## LISTED RECORDS
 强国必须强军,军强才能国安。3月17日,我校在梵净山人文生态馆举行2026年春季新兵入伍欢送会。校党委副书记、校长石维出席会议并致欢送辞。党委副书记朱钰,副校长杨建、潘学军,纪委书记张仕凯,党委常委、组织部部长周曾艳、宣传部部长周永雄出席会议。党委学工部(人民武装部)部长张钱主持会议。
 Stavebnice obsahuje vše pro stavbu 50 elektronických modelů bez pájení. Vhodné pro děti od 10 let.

==

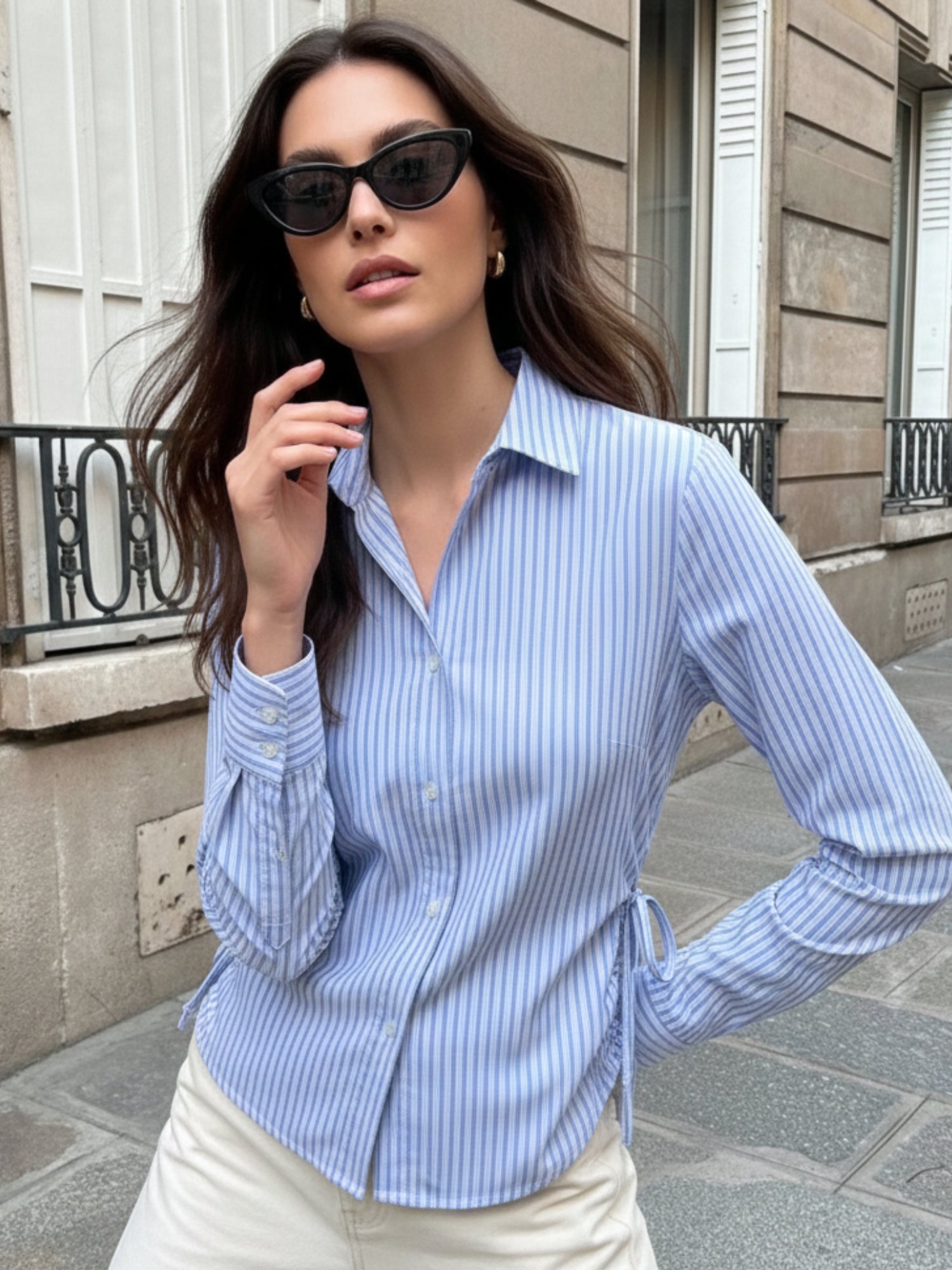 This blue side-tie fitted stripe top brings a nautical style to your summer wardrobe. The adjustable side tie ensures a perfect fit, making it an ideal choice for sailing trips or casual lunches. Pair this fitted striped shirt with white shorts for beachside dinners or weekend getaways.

* * *

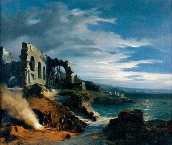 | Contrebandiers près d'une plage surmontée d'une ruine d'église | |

## THE TASK
In the listing above, find the line with "强国必须强军,军强才能国安。" and the line with "Stavebnice obsahuje vše"; set down exactly those two lines and every line between them, nothing more.

## TASK SOLUTION
 强国必须强军,军强才能国安。3月17日,我校在梵净山人文生态馆举行2026年春季新兵入伍欢送会。校党委副书记、校长石维出席会议并致欢送辞。党委副书记朱钰,副校长杨建、潘学军,纪委书记张仕凯,党委常委、组织部部长周曾艳、宣传部部长周永雄出席会议。党委学工部(人民武装部)部长张钱主持会议。
 Stavebnice obsahuje vše pro stavbu 50 elektronických modelů bez pájení. Vhodné pro děti od 10 let.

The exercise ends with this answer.